But this is where she gets her kind of that moment I love where she's like pulling herself
together. She's getting her, she's giving herself
a tracheotomy, she grabs some duct tape,
she duct tapes her neck, she grabs that knife.
Ooh, it's gonna fucking suck to take that duct tape off.
Ah!
She grabs a knife and then there's like a metal table leg
or something that she finds that she stabs the knife
into a cabinet and then as it's
kind of like jutting out from the cabinet, the back end of the knife, she jams this table
leg onto the back end of the knife so that it goes inside of the table leg and makes
this kind of like spear thing. And then the table leg is extendable.
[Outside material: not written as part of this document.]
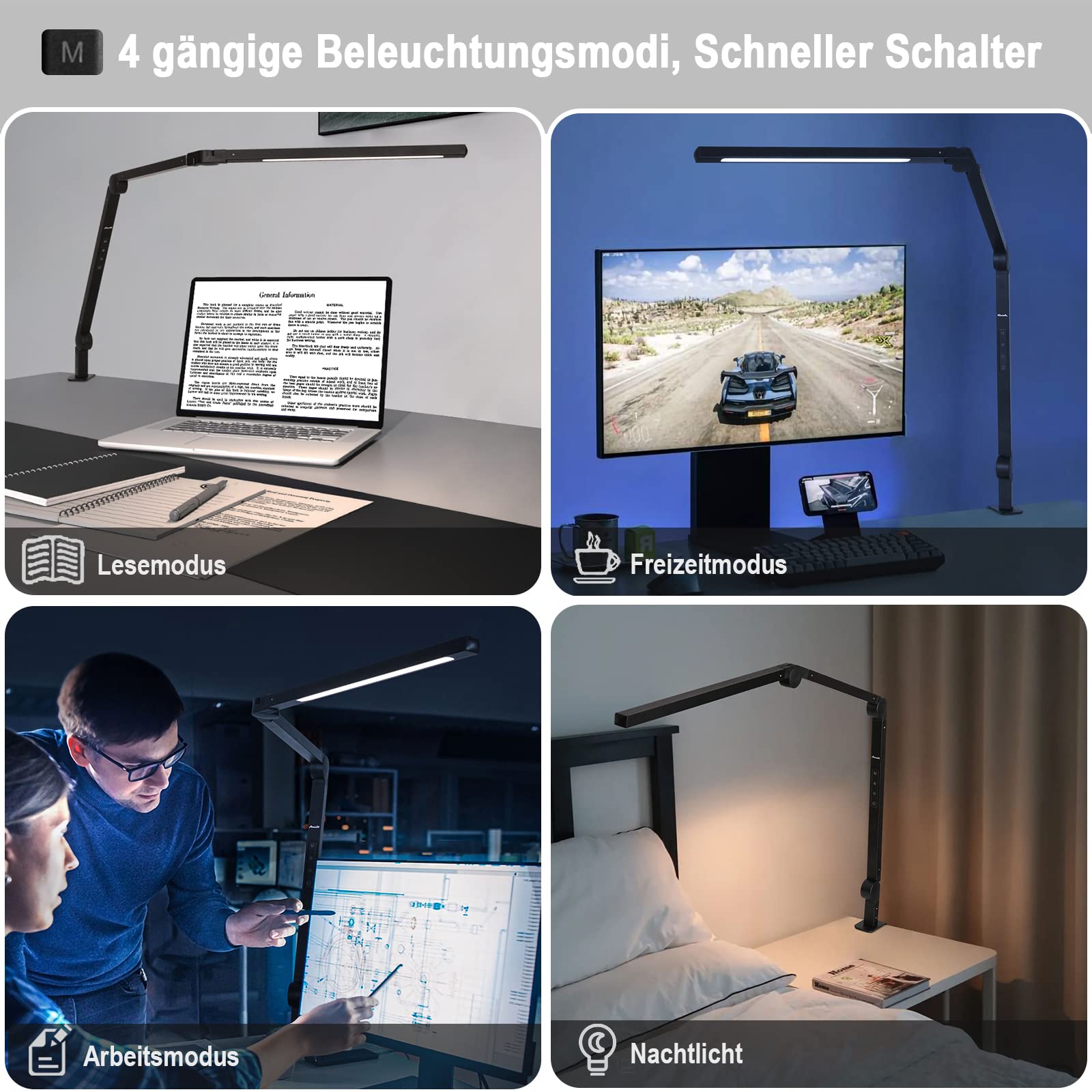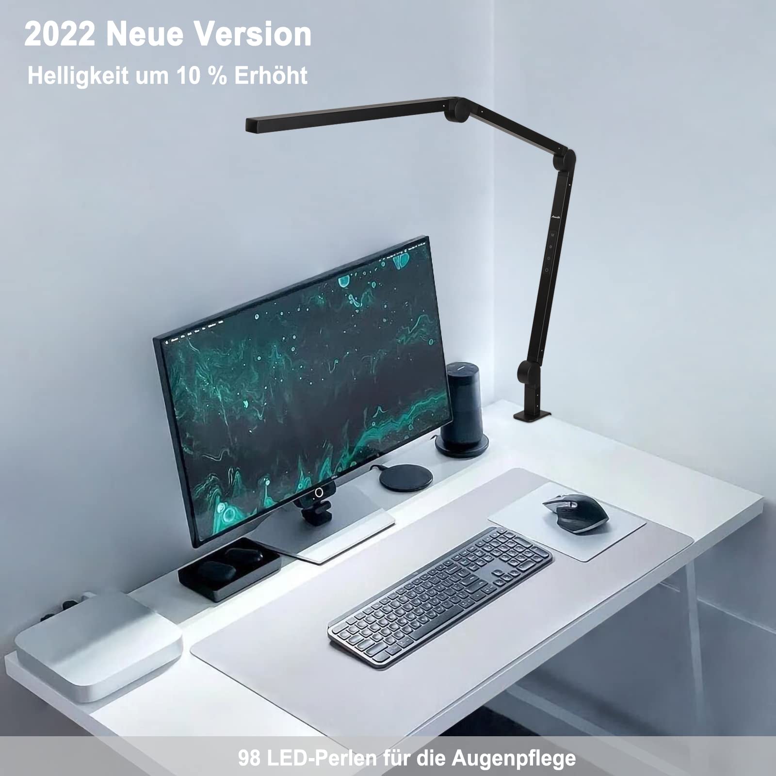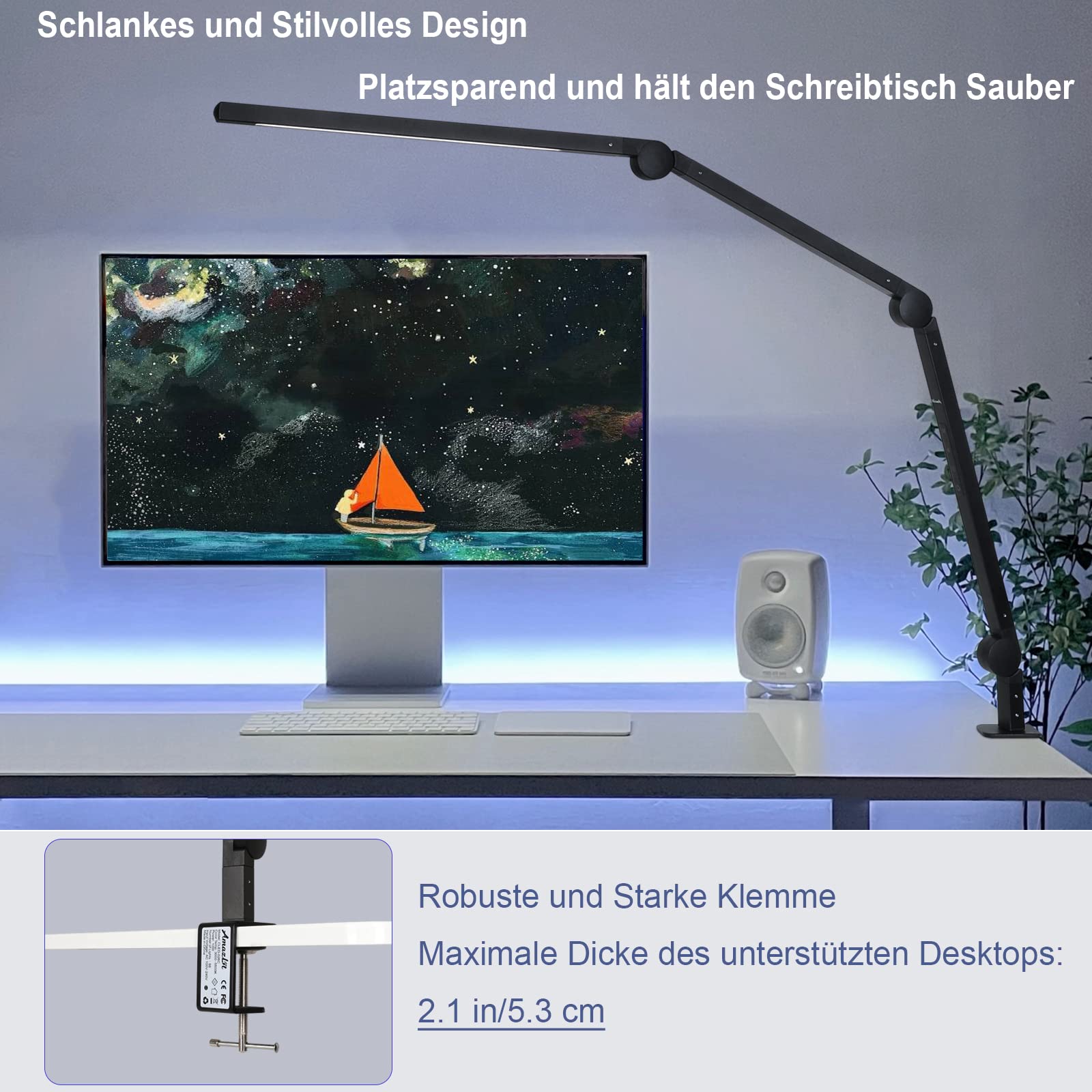 AmazLit lampa biurkowa LED, 10 W, ochrona oczu, zaciskowa, lampa stołowa, ramię wychylne, bezstopniowa regulacja przyciemniania i temperatury barwowej, do biura, domu, sterowanie dotykowe, timing

And so I don't know what it was and why it was just lying there, but it makes a pretty
sick ass weapon.
And so now she has this cool spear.
She's gearing up for the fight of her life.
She's going to kill this lady and she's grabbed her camera and she's, cause it's still dark in the house.
And so she's using the camera flash to light her way.
And eventually she finds the woman is like
collapsed in a corner somewhere.
Her face is severely burned and-
She was so hot too.
She was so hot too. She was so hot. And Sarah raises the weapon about
to stab and the woman says, you can't kill me again, Sarah. You already did once. And
we get a flashback to the car accident and see that the woman was in the other car, also pregnant,
and her baby did not survive. And she basically is saying like you took...
Wait, but isn't she 20 years older? Or you said the actress is 20 years older.
I would guess they're supposed to be like 20 and 40. So it's not like an impossible for her to.
Okay.
But there is kind of a...
That's surprising.
Yeah.
I thought it was like an older woman.
I mean, like I said, it's hard to say how old she is.
Right, it's hot.
And if you're hot, you can do anything.
So, but it does seem like regardless, she would have been an older mom. And so she's saying like, I can't do anything. But it does seem like regardless,
she would have been an older mom.
And so she's saying like, I can't,
it was like really hard to, I had finally conceived
and yeah, basically I'm not gonna be able to do it again.
Well, then I think everything she's done is very reasonable.
This is such a, this is such a, God.
I wish that a woman had been involved in the writing or the directing
because... Or a woman who had given birth.
Because it's like...
This is so unreasonable.
This would never happen.
Yeah. And thank God.
And thank God.
Thank God. And thank God.
But it's such a...
I think the reason why it pisses me off
is because it's like a male interpretation
of how a woman would respond to trauma.
It's like, this is how a man would respond.
A woman would never...
I don't know.
Some women, I know.
I don't know.
Very few, statistically.
I just really don't think this is not likely.
I think becoming pregnant, at least in my experience,
is not true for everyone.
It has made me, like, way more empathetic than I was before.
Like, way more empathetic.
And way more like, I feel like the distance between myself
and other people's experiences has been thinned
to a way that is like...
just really different than what it was like before.
And so it kind of pisses me off.
Like, it just makes me mad,
because it's like the wrong portrayal
of what it's like to be pregnant.
Yeah. I mean, I don't think that it's...
Yeah, it's supposed to be realistic.
Well, and I think they're like presenting her as a psychopath.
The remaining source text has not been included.